Let’s visualize both the PMF and the CDF for our random variable X.

Show the code

x = np.arange(1,7)
f = np.array([1/6]*6)
F = np.cumsum(f)
fig, ax = plt.subplots(1, 2, figsize=(6, 2), sharex=True, gridspec_kw={'wspace': 0.35})
ax[0].bar(x, f)
ax[1].bar(x, F)
ax[0].set(yticks=[0, 1/6],
          yticklabels=['0', '1/6'],
          xlabel='x',
          ylabel=r"$f_X(x)$",
          title="Probability mass function")
ax[1].set(xticks=x,
          xlabel='x',
          ylabel=r"$F_X(x)$",
          yticks=[0, 1/6, 2/6, 3/6, 4/6, 5/6, 6/6],
          yticklabels=['0', '1/6', '2/6', '3/6', '4/6', '5/6', '1'],
          title="Cumulative distribution function");

The panel on the left shows the PMF of X. The probability that each value in the support of X takes on is \frac{1}{6}. So all the bars have the same height.
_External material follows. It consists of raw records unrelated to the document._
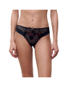 Tanga in tulle e pizzo interamente ricamato con motivo floreale dettagli lurex.
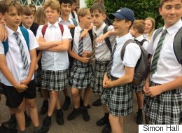 Boys at Isca Academy in Exeter wear skirts to school in protest at not being allowed to wear shorts in hot weather. pic.twitter.com/XHrffnSQEN
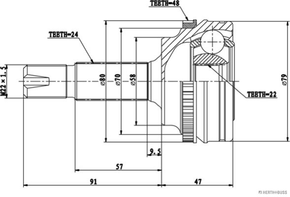 Homokineet rep.set HERTH+BUSS JAKOPARTS J2822142
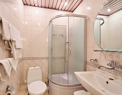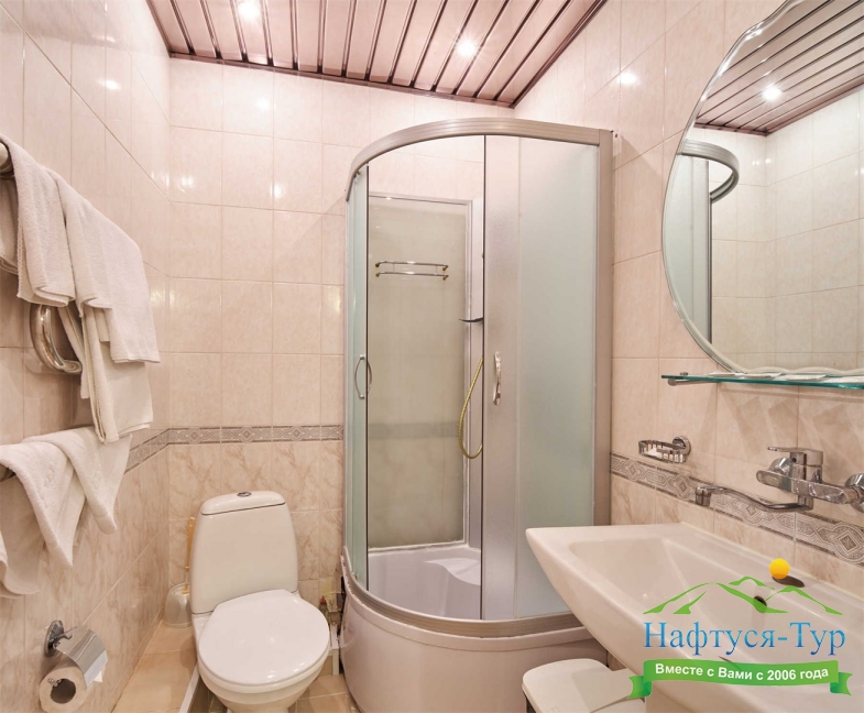 с душем или ванной, туалетные принадлежности, фен

The panel on the right shows the CDF of X. The CDF increases monotonically, and it couldn’t be otherwise, since we are accumulating probabilities as we move to the right. The CDF at x=6 is 1 because, according to the definition, F_X(6) = P(X \leq 6), and for certainty the outcome of a die roll will always be less than or equal to 6.
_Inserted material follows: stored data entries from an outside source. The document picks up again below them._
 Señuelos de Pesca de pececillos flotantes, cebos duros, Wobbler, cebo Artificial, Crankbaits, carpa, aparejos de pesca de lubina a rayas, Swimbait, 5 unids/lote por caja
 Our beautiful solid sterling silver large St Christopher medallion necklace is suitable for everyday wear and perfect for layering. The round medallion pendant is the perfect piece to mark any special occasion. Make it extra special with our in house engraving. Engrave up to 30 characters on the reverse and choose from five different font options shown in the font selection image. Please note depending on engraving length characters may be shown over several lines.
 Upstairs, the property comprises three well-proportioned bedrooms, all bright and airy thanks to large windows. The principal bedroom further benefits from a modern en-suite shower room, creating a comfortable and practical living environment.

The continuous case is similar, but instead of summing the probabilities, we integrate the PDF to get the CDF:

F_H(h') = P(H \leq h') = \int_{-\infty}^{h'} p_H(h) \, dh.

Let’s visualize both the PDF and the CDF for our random variable H.

Show the code

pdf = norm.pdf(h, loc=mu_boys, scale=sigma_boys)
cdf = norm.cdf(h, loc=mu_boys, scale=sigma_boys)
fig, ax = plt.subplots(1, 2, figsize=(6, 2), sharex=True, gridspec_kw={'wspace': 0.35})
ax[0].plot(h, pdf)
ax[1].plot(h, cdf)
ax[0].set(xlabel='h',
          ylabel=r"$f_H(h)$",
          title="Probability density function")
ax[1].set(xlabel='h',
          ylabel=r"$F_H(h)$",
          title="Cumulative distribution function");

While the values of PDF in the continuous case do not express probabilities, the values of the CDF do. As discussed before, the probability that a given adult male has a height of exactly 175 cm is zero, but the probability that a given adult male has a height of less than or equal to 175 cm is given by the CDF at that point, F_H(175). The CDF smoothly increases from zero (e.g., the probability that the height of an adult male is less than 50 cm is almost zero) to one (the probability that the height of an adult male is less than or equal to 250 cm is one).